I started to read one of Mr Halling’s posts, got to the first footnote, checked the cite, saw he spelled Stephan’s name wrong, and closed the window.

Captain Obviousness September 25, 2009 at 1:34 pm

Regardless of whether the claims in this patent are novel and nonobvious (they almost certainly are not), this patent is almost certainly invalid as directed to non-statutory subject matter under the current law. This patent was issued prior to the recent Bilski case at the Federal Circuit, which is before SCOTUS this year. Unless SCOTUS overturns Bilski, this patent is toast on its face.

Tim September 25, 2009 at 5:17 pm

That’s it. If it’s that easy, then I’m suing Mises.org for using letters or character symbols in their articles that I might have typed before I came on this site for the first time.

(8?» September 25, 2009 at 6:07 pm

Well, this should be interesting, patent-trolls vs. CIAbook.

Given this conflict cannot be allowed to be resolved (as the criminals lose either way), I predict a large amount of STFU money.

Walt D. September 25, 2009 at 6:41 pm

Why do the patent courts choose to ignore the restriction that patents can not be granted for something that is obvious?

AllRise September 26, 2009 at 5:02 am

Did you know, the people took FB to court at AllRise.com. Join in and see if the people really think that Facebook are guilty in patent infringement http://bit.ly/AllRise260

Gena777 January 30, 2010 at 1:55 am

I’ll admit that, at first, I was against the idea of NPEs (“patent trolls”) profiting from others’ innovations. However, after doing some research, I’ve come to agree that so-called “trolls” are doing nothing worse than many other companies. Notice that it’s generally the large corporations that get incensed about the “trolls.” Most NPEs don’t seem to be any worse than day traders, for instance.

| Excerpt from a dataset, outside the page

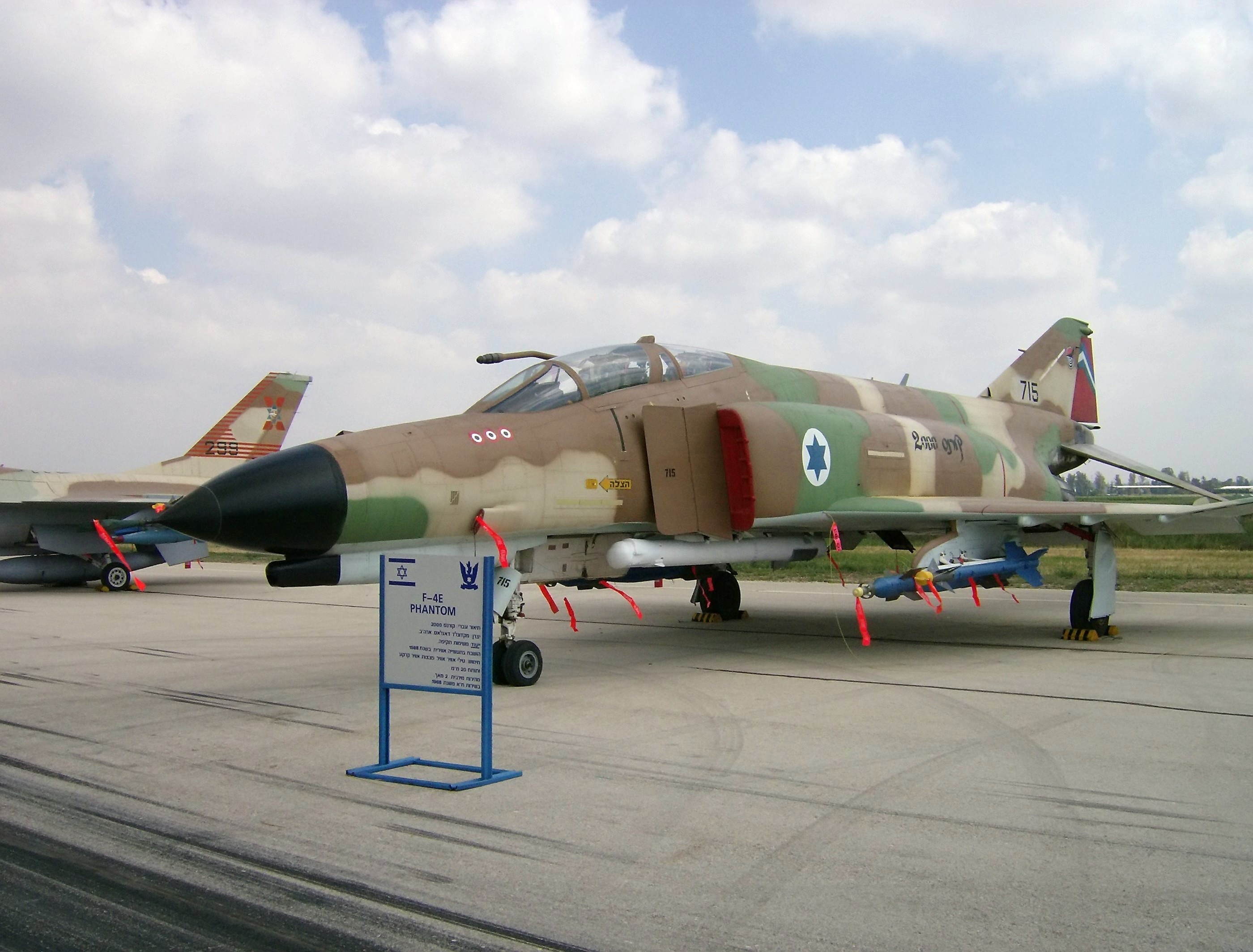 Israeli McDonnell Douglas F-4E Phantom II at Tel Nof, Israel, in 2007. Česky: Izraelský stíhací letoun McDonnell Douglas F-4E Phantom II na letecké základě Tel Nof, Izrael, 2007

Jim P. February 5, 2011 at 6:19 pm

All you need to do to get ahead in the world is this:

1. Create a company that doesn’t do anything.
2. Invest a relatively small amount of money in patenting vague ideas and imaginary technology.
3. Sue for infringement whenever a successful company inevitably wanders into your snare.
4. Settle as a nuisance with multi-million dollar company.
5. Retire or repeat, as needed. Or, alternatively – do both.

Also, don’t try to copy me on the above. It’s a patented technology. I’m just letting you know.